“I don’t like your attitude” shouted my fifth grade teacher as I was evicted from the class. Schooling for me only improved from my disruptive early period. Having the right attitude can influence many a speaker as can having the wrong one.
The right state of mind is crucial to an effective presentation and you owe it to your audience to get into the right state. Here’s how.
Remove all concerns
Remove all concerns from your head. We’ve all baggage of some sorts in our head. A lingering argument with your partner, a major mistake you made yesterday or the loss of a deal can all affect your state of mind. The trick is to adopt mindfulness and empty the head so you can focus on the now. A favourite Dandy Warhol’s number from the early noughties talks about having a trap door in the back of my head. I use this metaphor to empty out all the thoughts that are bringing me down before I perform on the stage. It works.
On the subject of the Dandy Warhol’s let’s get into music and the effect it can have on your state of mind. As I write this, I’m listening to my State Changer Playlist on my phone. This playlist consists of a number of songs, tunes and tracks from my collection that each control and influence my state of mind. I’m 33,000 feet above the Himalayas having presented in Bangladesh and I just fancied a boost of energy so I’m listening to my playlist.
Music is an anchor. The listening can bring back a state of mind which you either experienced when you listened to the track or you embedded into the tune at a later date. Anchors do this. Anchors can be any sense – hearing something, seeing an image in your head, a physical touch on your body, a smell or a taste. They all relive a state of mind for you.
Collect anchors for each and every state you need. I use my playlist as it has an instant state changing capability and I love my tunes. Right now I’m listening to “I am the Resurrection” from the Stone Roses voted the number 10 guitar tune by Q Magazine. It revs me up so I can go out into the audience and “give ‘em large”
You may see it differently.
In 2016 I attended a private medical since I was applying for some additional medical insurance. The doctor knew his stuff and half way through stated to me with no emotion or prejudice, “Lose a stone”. I shed 25 pounds that year, continued going to the gym but started doing weights and toned up a little. Boy did it make a difference to how I felt when presenting. It meant all my clothing was a whole lot looser and felt so much more comfortable.
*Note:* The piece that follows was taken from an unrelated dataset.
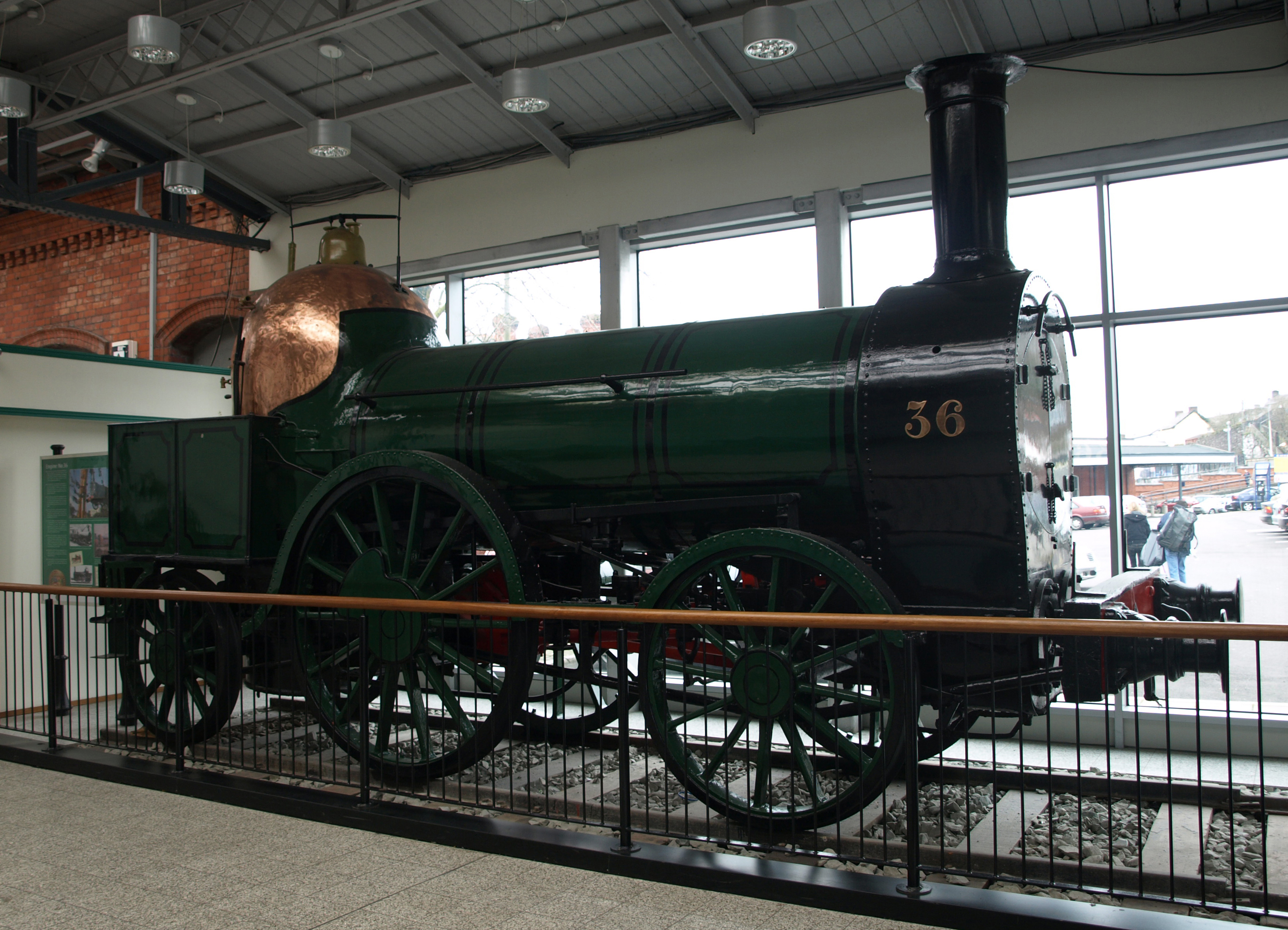 GS&WR 2-2-2 steam locomotive no. 36 on display at Cork Kent railway station, Ireland

Being physically comfortable is essential, loose clothing helps but learn to stand well. I call it the assertive stance. Ensure your body is perfectly balanced, no leaning on either leg, legs the same width as your shoulders, slightly apart. Girls get rid of your finishing school poses. Balanced, posture upright, shoulders back – just like your mum told you before you disembarked for school.
Breath to thrive not just survive, was a phrase I heard at the annual convention of the Professional Speaking Association. Breathing is more than just surviving; it can affect your state of mind. Let me continue the story of my private doctor from earlier.
He asked me to lie on the couch and he progressed to measure my blood pressure. I have to confess to being a little nervous at the time, you see deep down I’m a big baby. After his first measure, he instructed me to calm down having stated there’s no way he could submit that blood pressure to the insurance company, they’d reject my application.
I thought how can I relax? Breathing I recalled. Breathe in deeply and breathe out very slowly, verrry slowly. I did this for one minute and he measured my blood pressure again. “That’s better, much more normal”
I breathed a sigh of relief.
So if you are a little nervous, and your blood pressure is rising, do the breathing technique before you go on stage for a couple of minutes and it will calm you down, lower your heart rate and put you in a more relaxed state of mind – a presenter state.
Take in the room
The aim here is to become one with the group. You will do that as your talk proceeds but to gain the right state at the beginning adapt to peripheral vision. Many presenters will use their foveal vision and focus on a particular spot; this has no value to become one with the room. Instead pick a spot but deliberately enhance your peripheral capability by concentrating on everything around you. This trains your brain to use peripheral vision as you begin your talk, thus taking in the whole audience.
Usually somebody introduces me on the stage – this takes 20 seconds or so. Typically stand to the side behind the introducer, ready to pounce but as she introduces me, I focus on her but let me peripheral vision do its magic taking in the whole room and every member of the audience that I can.
As I begin my talk, my brain is in peripheral mode and this lets me become one with them. I then relax the peripheral and go foveal ensuring I give as many people eye contact as I can. The eyes are the windows to the soul, let’s never forget that.
Gain control of the room
The bigger the audience, the bigger the applause you’ll get after the introduction and the more effort you’ll want to exert to gain control. Here’s how:
- Peripheral into foveal eye contact around the room
- Breath and adopt the assertive stance, be balanced and relaxed
- The audience will now also relax
A clip round the ear from the Headmaster soon cured my attitude all those years ago. Hey you can’t do that anymore can you? Or the cane, which I endured twice. Hasn’t the world changed but presenting to an audience will always require that you have the right state of mind.